Seriously though, my oldest boy is getting married in November and I need to help fund that adventure so I'm trying to be good (so send me an e-mail if you've got anything to tempt me with...shhhhhhh).

Cheers

_________
Chris


----------



## sh333

allthumbs56 said:


> I don't "need" any gear ... but I've always been a little fuzzy on the difference between "need" and "want" :tongue:
> 
> Right now I've got a big "want" on for an Eternity.
> 
> Seriously though, my oldest boy is getting married in November and I need to help fund that adventure so I'm trying to be good (so send me an e-mail if you've got anything to tempt me with...shhhhhhh).
> 
> Cheers
> 
> _________
> Chris


The next shipment of Eternity's is all spoken for already, but I will be putting in another order ASAP. Just say the word and i will keep one back for you. They are not cheap, but man they are nice.

If I decide to blow some stuff out, I will drop you an email.


----------



## david henman

...back in the day i scoffed at pedals. plugged my sg straight into an ampeg half stack. tone for days. but loud. we cranked the monitors and screamed our vocals over the din of guitars and drums.
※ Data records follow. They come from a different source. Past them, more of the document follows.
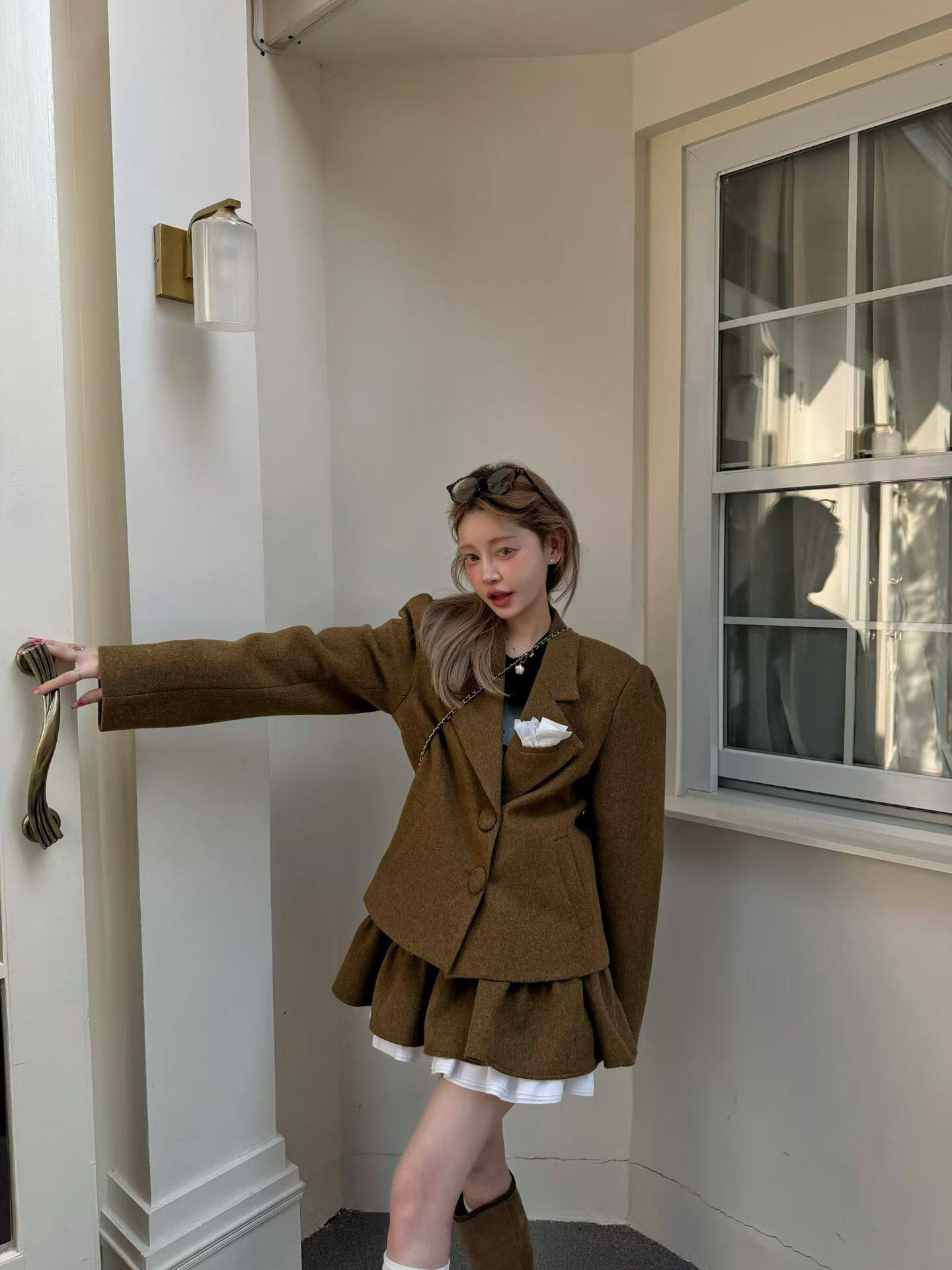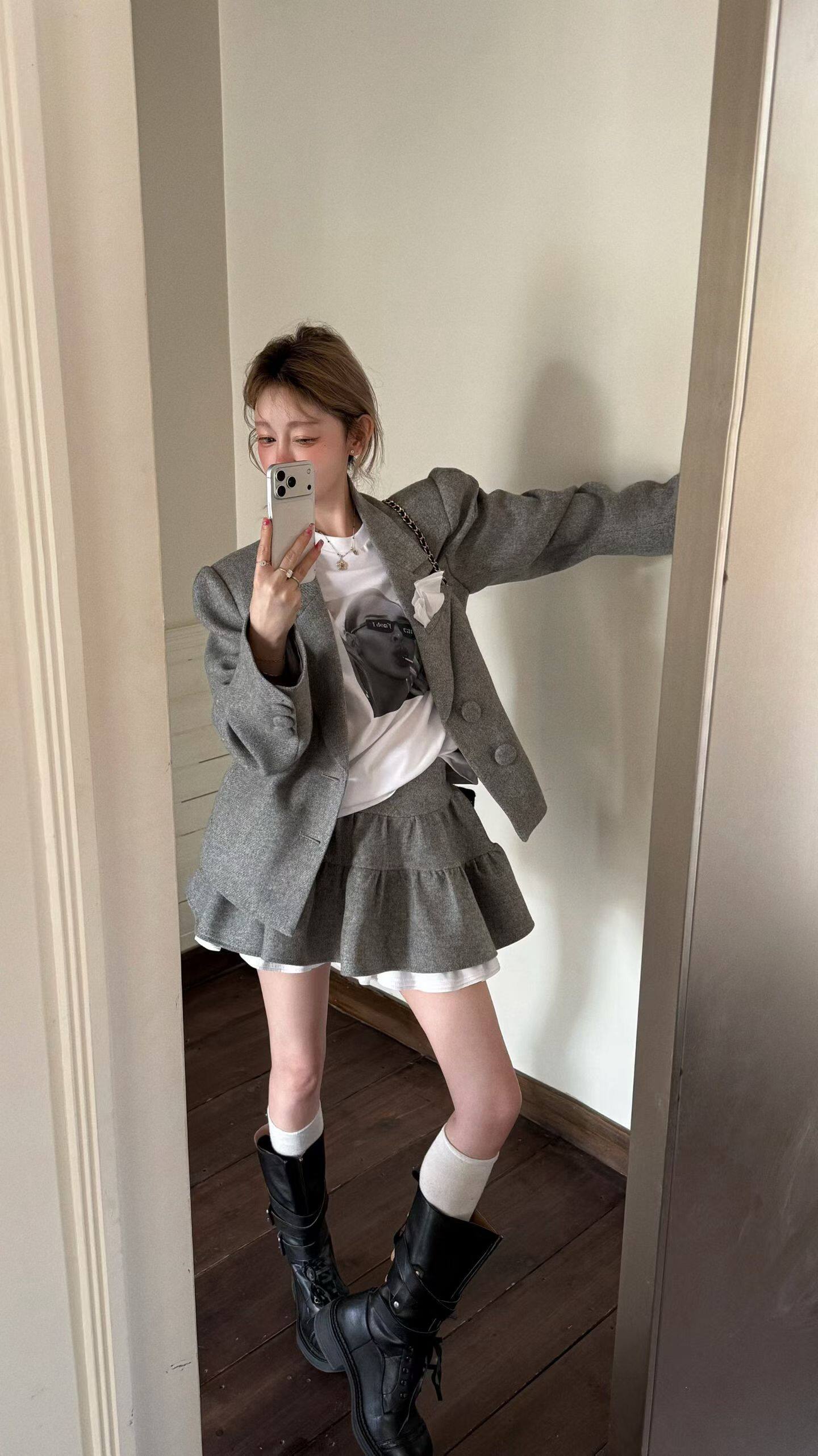 GOD财神2026早春新款复古小香风翻领西装外套女+百褶裙学院风套装
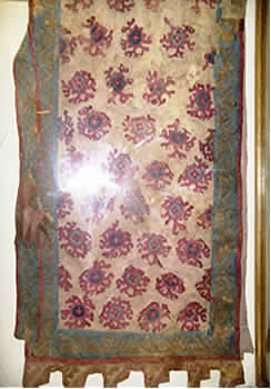 It is kept in the Hermitage. The Ukok Plateau is located in the permafrost zone, which ensured good preservation of the carpet and other artifacts of the burial mound. “The decoration of the carpet is rich and diverse motifs. The central field is occupied by an ornament of 24 cruciform shapes, each of which consists of 4 schematized lotus buds. This composition is framed by a curb with an image of eagle griffins, then there is a curb with 24 figures of grazing spotted fallow deer with characteristic broad-banded horns.
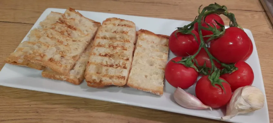 Pâinea cea mai bună pentru pan con tomate este o pâine aerată, asemănătoare ciabattei italiene. În Spania îi spunem pan de coca. Dar evident, orice pâine e bună. O tăiem și o punem puțin pe grill. După, felia de pâine caldă se freacă bine cu un cățel de usturoi, apoi cu o jumătate de roșie mică, dulce și zemoasă. Deasupra merge un pic de sare (dacă avem din aceea sub formă de fulgi e și mai bună) și un ulei de măsline din cel mai virgin.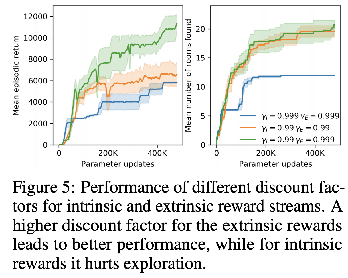 - 본 논문에서도 RND agent의 성능을 $\gamma_E \in \{0.99, 0.999\}$, $\gamma_I = 0.99$ 를 사용하여 결과 비교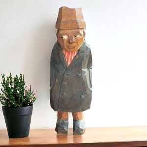VINTAGE 5" CARL JOHAN TRYGG WOOD CARVING • OLD MAN WEARING COAT • SWEDEN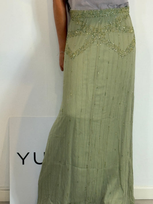 MAGNOLIA. Vestido largo gasa rosa abalorios. T M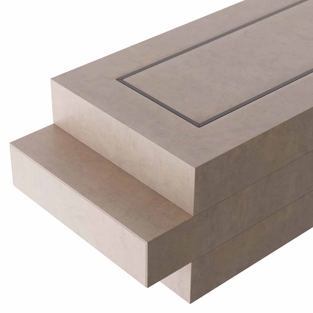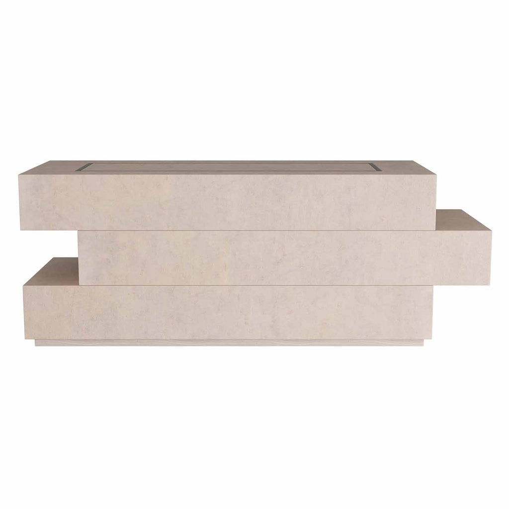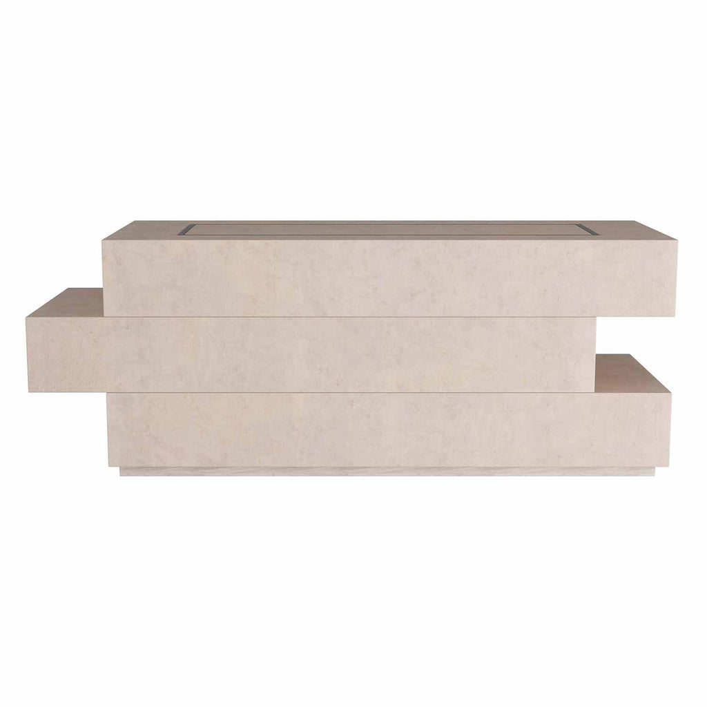 Inspired by vintage lacquered tables, our low-profile Arteriors Wilkinson cocktail table imparts a ’70s vibe. The piece, with a stacked, offset composition, is crafted in greige maple veneer, detailed with a bronze-iron surface inlay. The savvy design incorporates three hidden drawers for added function. Finish will vary.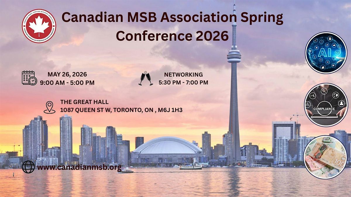 Now is your chance to reserve your spot and grab a ticket for the Canadian MSB Association Spring Conference 2026 happening on May 26, 2026, from 9 am - 5 pm each day at The Great Hall , 1087 Queen St W, Toronto, ON, M6J 1H3.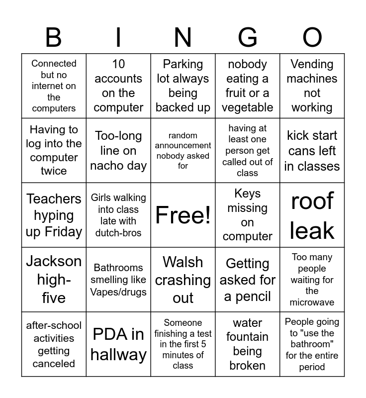 This bingo card has a free space and 24 words: Bathrooms smelling like Vapes/drugs, PDA in hallway, random announcement nobody asked for, after-school activities getting canceled, Vending machines not working, Connected but no internet on the computers, Having to log into the computer twice, 10 accounts on the computer, Keys missing on computer, Walsh crashing out, having at least one person get called out of class, Teachers hyping up Friday, Getting asked for a pencil, Too many people waiting for the microwave, Too-long line on nacho day, water fountain being broken, roof leak, Parking lot always being backed up, kick start cans left in classes, Girls walking into class late with dutch-bros, People going to "use the bathroom" for the entire period, Jackson high-five, nobody eating a fruit or a vegetable and Someone finishing a test in the first 5 minutes of class.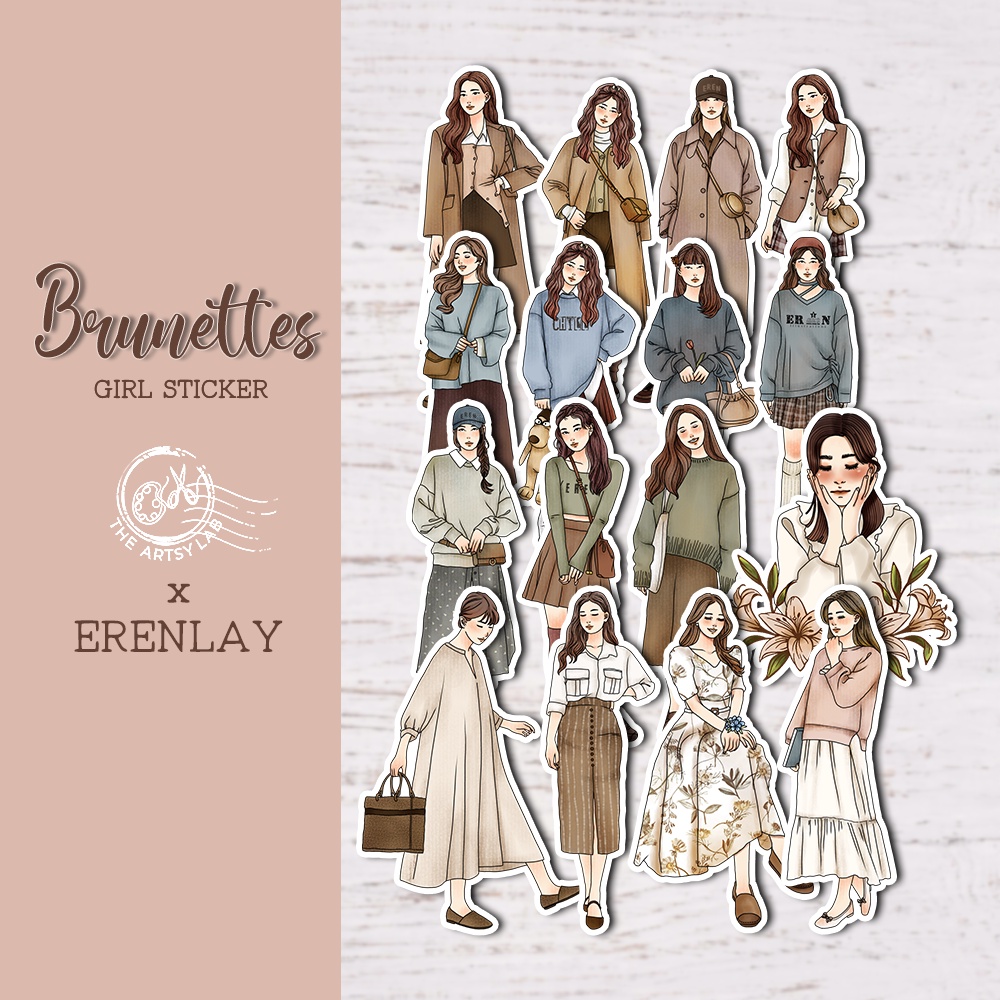 Brunette Girl Sticker, Die Cut, Bujo, Journal Planner, Aesthetic Fashion, Cute, Brown, Artsy lab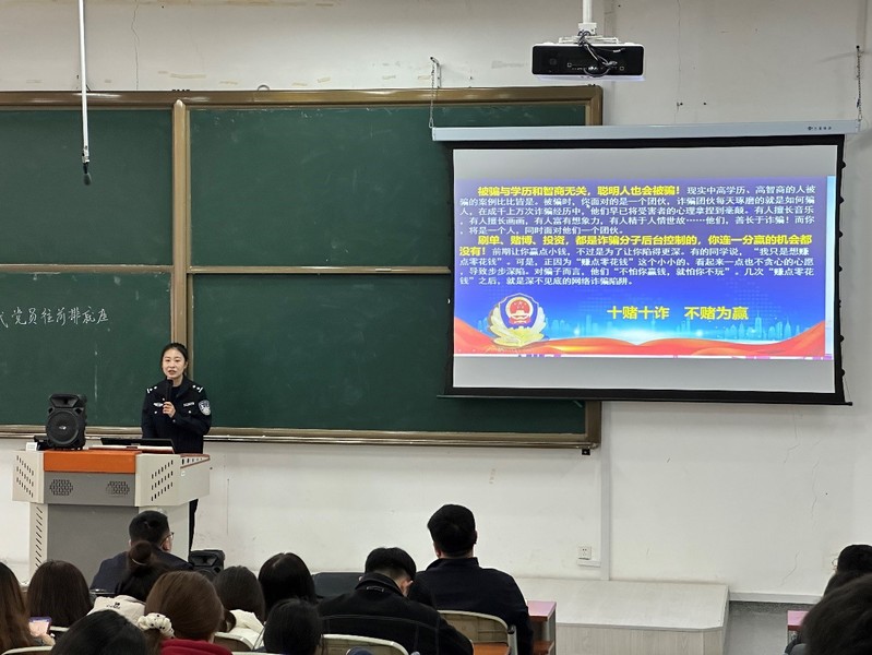 随后,杨丽楠警官根据具体的案例,围绕电信诈骗的特点、常见套路以及遭遇被骗了怎么办等要点进行讲解和介绍。通过播放视频、案例讲解等方式向在场师生形象生动地讲述了网络贷款陷阱、植入手机木马、博彩娱乐等多种电信诈骗手段。警官告诫师生,一定要谨记“天上不会掉馅饼”,不要将个人信息、短信验证码、支付密码等内容告知他人,如遇可疑情况应当及时报告派出所,或拨打“110”报警。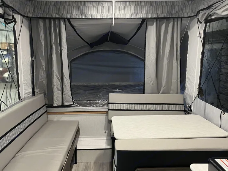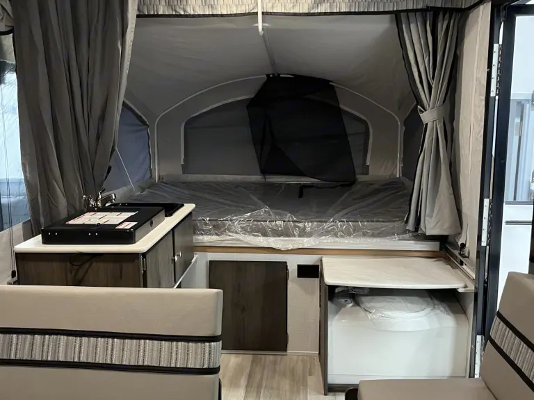 This is a 2022 Coachmen - Clipper Sport, family unit. We purchased it fall 2023.It is under 2000 lbs; meaning a van or smaller suv can tow it. 7 pin required.Included inside: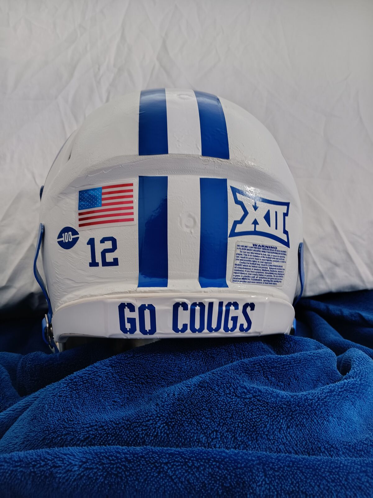Super awesome coustom byu helmet, great for display or cool memorabilia. Paint job is rough but but otherwise looks great. It's going for cheaper than normal coustom helmets which usally go for around 500-700 so message me if interested.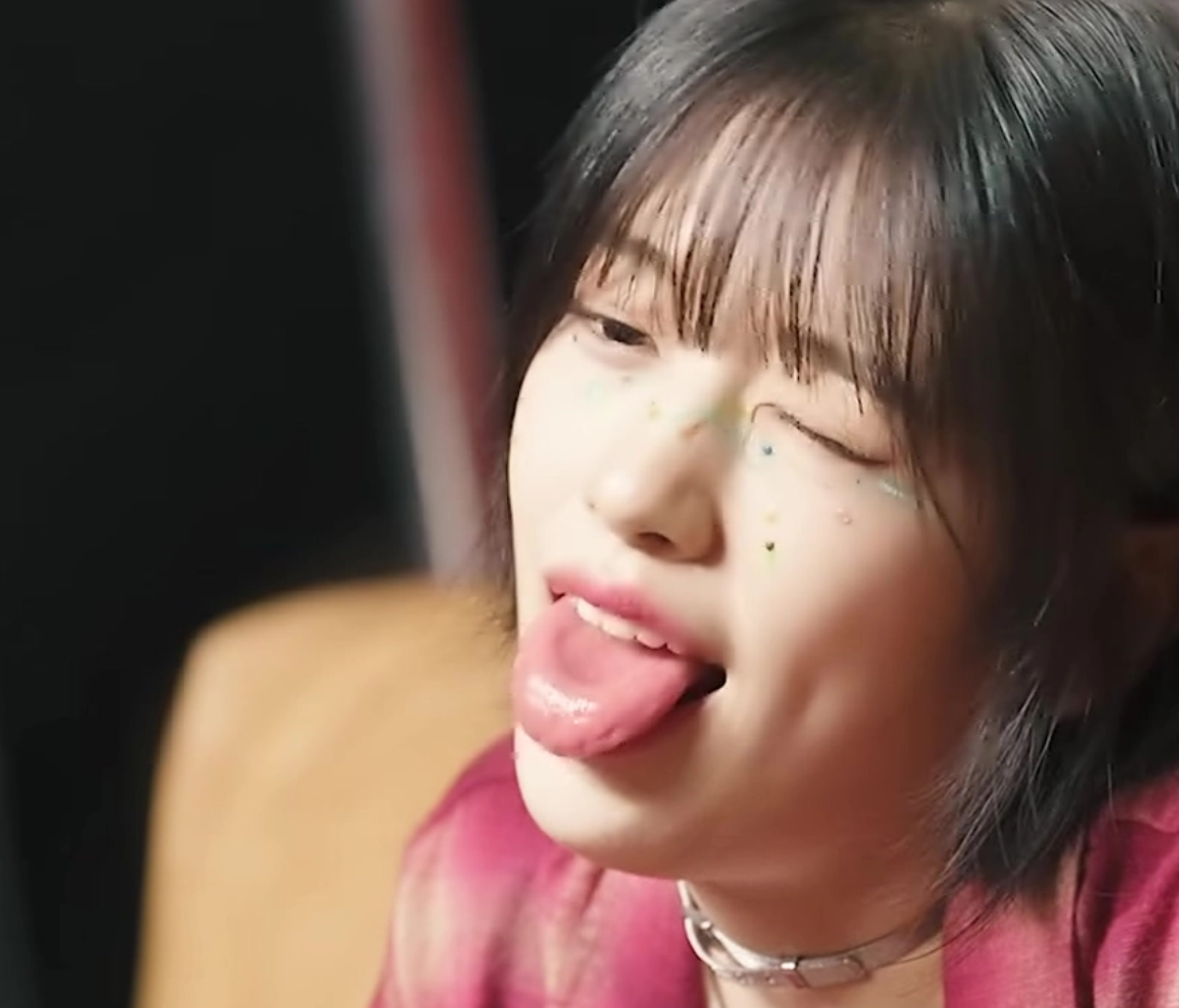 In this captured moment, Yujin is sporting her trendy short black hair and unique, colorful glitter makeup dotted across the bridge of her nose. Looking slightly off-camera, she gives a cheeky little tongue-out expression.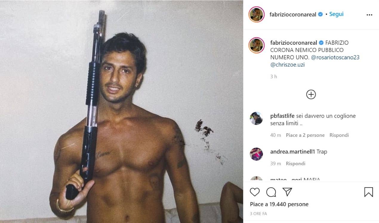 Intanto come sempre il pubblico virtuale di Fabrizio Corona si divide. “Qua.nta roba😍” commenta un utente in calce al post in questione. Un altro puntualizza: “Il nemico numero son i politici”. Mentre che chi usa un linguaggio colorito nel prendere le distanze: “Tu veramente sei scemo”. E ancora: “Comprato da Io bimbo?”. Oppure: “1, Corona è un cazzone e non mi piace, 2, mi pare una foto di molti anni fa sporca pure con una ditata con parte di impronta digitale, 3 è tanto diverso da quelli che hanno una stessa arma o peggio in casa ma non pubblicano una foto di 20 anni fa? Nel senso che mi pare ci siano tanti moralisti che magari poi in casa hanno un arsenale, e chissà quanti, sì non fanno la cazzata di pubblicare una foto del genere (e di scattarsela pure, aggiungo), ma vorrei vedere chi giudica, quanto magari è più esperto di armi di quanto sia questo corona. A me preoccupano anche gli esperti e i maniaci di armi, e sono tanti”. A voi la scelta…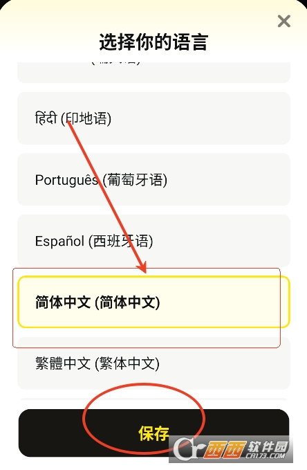 3、点击简体中文后点击最下方的保存即可

then, i started working with older and more polished players (and, singers), and playing and rehearsing at more _sensible_ volume levels. and that, boys and girls, is how i became acquainted with processing, starting with the creations of mr tom scholz.

-dh


----------



## Milkman

Well, I'm gigging tonight and tomorrow night with a conventional amp (as opposed to a modeller / processor).


This will mark the first time I've used a normal amp and a couple of pedals for a gig in more than a year.

It will be:

Guitar - Wireless - Crybaby - Traynor YCV40 and I'll have a Visual Sound H20 Chorus / delay in the effects loop.

Of course the amp will be mic'd and I'll have some foldback in the monitors if I need it.

My distortion will be via the amp. If that's not enough, I may look at a pedal for the next gig.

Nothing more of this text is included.